Here is a very quick and dirty test of the recentred and widened Letus Extreme on SI2K with Nikon f1.4 35mm lens for relay.

The grabs are .bmp converted to .jpg in MSPaint from 1920 x 1080 25P origination. There was a 2 f-stop lighting gel in the path I forgot about. - I wondered why I was not getting enough light. The gel was also cokeyed in the back of the mount so sharpness may have been degraded by this also.

Relay was on f5.6. Taking lens was on f2.

Garden was through a grubby thick glass window.

Test pattern is undersized in the frame which means the test which has actually derated the performance by about 15%. The "B" block at this reduced size still yields 862 lines.

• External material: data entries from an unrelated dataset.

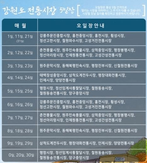 강원도 오일장 장날표
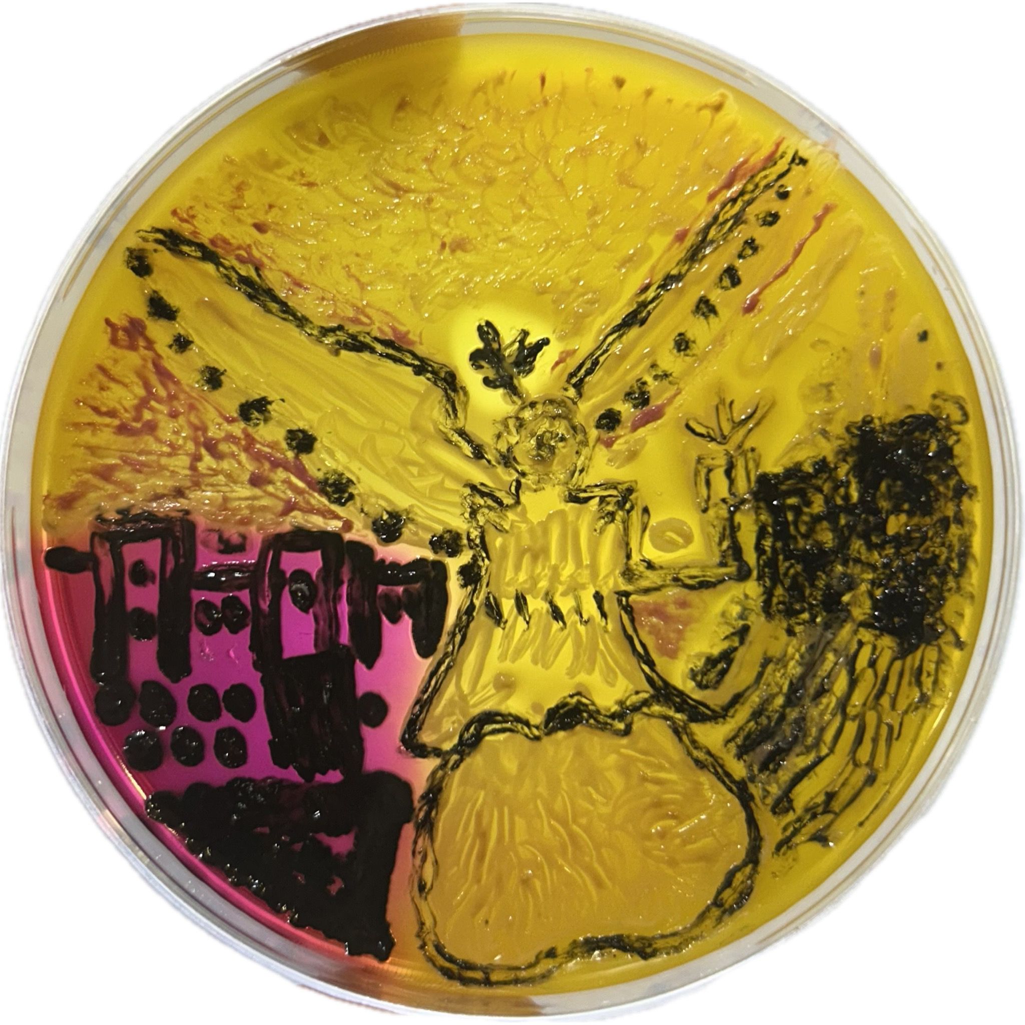 Angel of Peace by Aleksandra Jovanović, Specialist in Medical Microbiology, General Hospital Valjevo, Belgrade, and Institute for Laboratory Diagnostics Biomedica, Belgrade, Serbia. Perched on a pedestal, the Angel of Peace (Friedensengel) overlooks the city. Created on XLD medium from Salmonella Enteritidis, Klebsiella pneumoniae, Proteus mirabilis, and Pseudomonas aeruginosa, it represents bacteria that can contaminate food and threaten health. Just as the angel guards the city, food safety protects consumers from unseen risks.
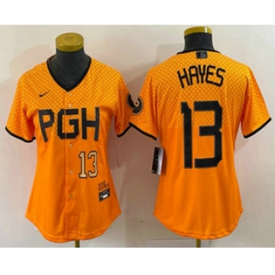Women's Pittsburgh Pirates #13 KeBryan Hayes Number Yellow 2023 City Connect Stitched Jersey
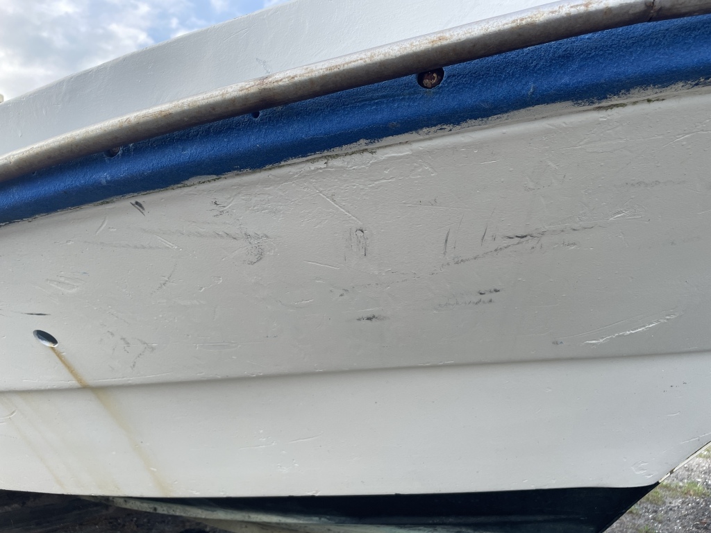 ハル周りは、全体的に小傷や色褪せなど見られますが、
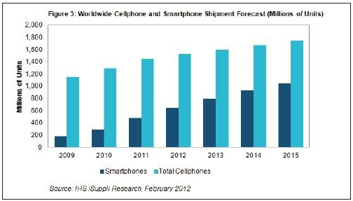 IHS公司的資深首席分析師Steve Mather 認(rèn)為,2015年全球手機(jī)銷量將達(dá)17億部,其中10億部將是智能手機(jī)。這意味著2015年超過70億的人口中,14%將購買智能手機(jī),如圖3所示。這個規(guī)模十分驚人,全球科技供應(yīng)鏈紛紛調(diào)整方向,脫離電腦產(chǎn)業(yè),投身于智能手機(jī)市場。時間框架:三年。
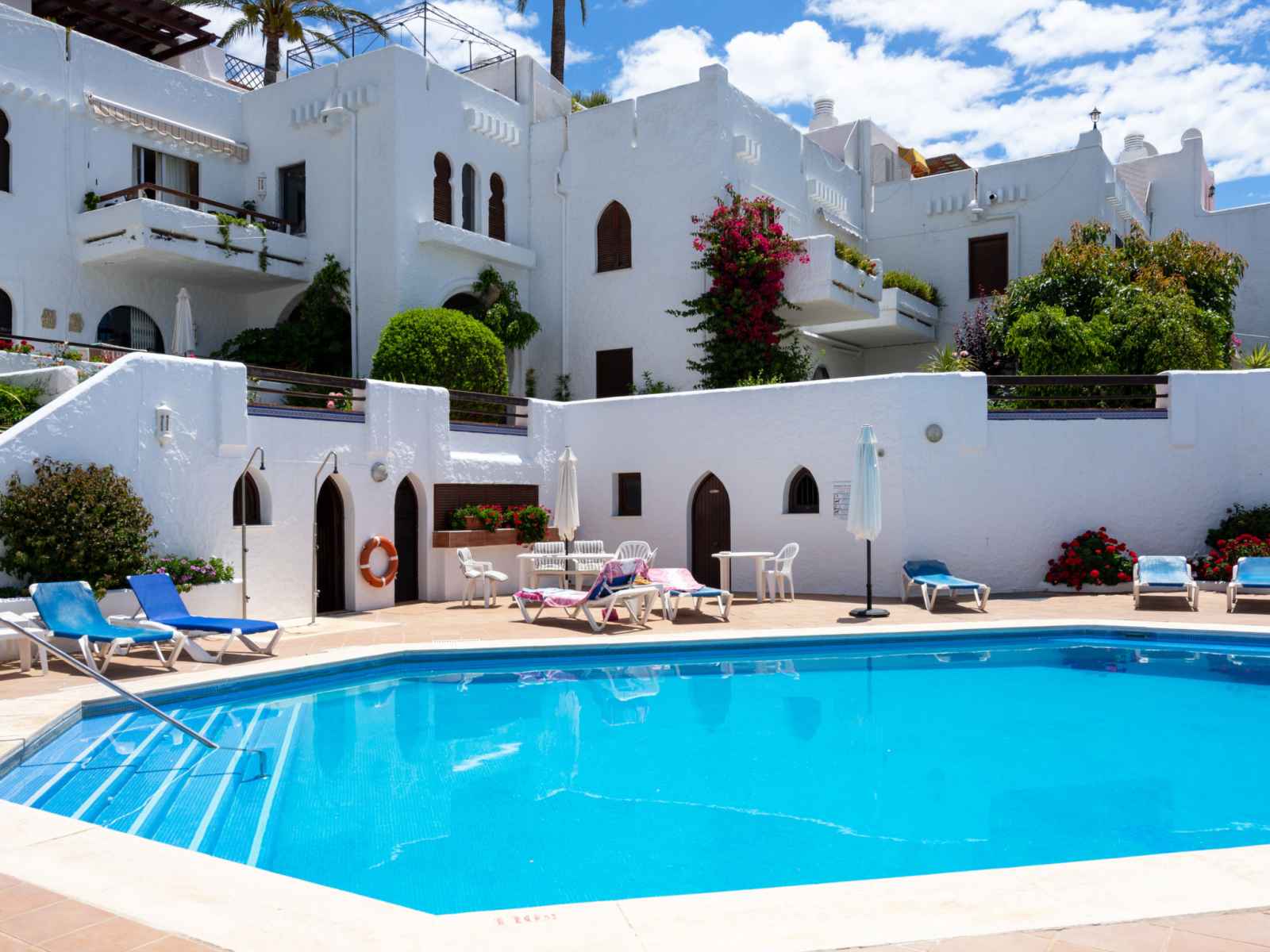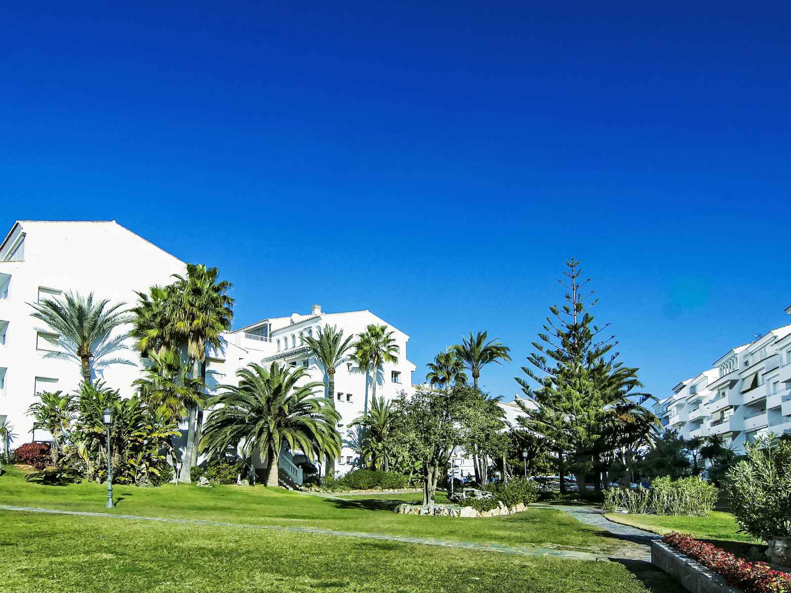Belle petite résidence accueillante "playa real". À 15 km du centre de marbella, à 25 km du centre de puerto banus, dans l'arrondissement elviria, à, de la mer, à 50 m de la plage, orientée sud. en commun: grand jardin sur plusieurs niveaux avec pelouse, piscine en forme d’haricot (disponibilité saisonnière: 01.jun. - 30.sep.). wc dans

The images have no look applied.

The limitations of stills lenses for relay to 2/3" are readily apparent. There is softening in the corners. A 28mm lens for relay just brings in edges of the Extreme's prism path on a 2/3" sensor.

It will be interesting to see what the Le brothers' direct relay for 2/3" can do in the SI2K when it comes out.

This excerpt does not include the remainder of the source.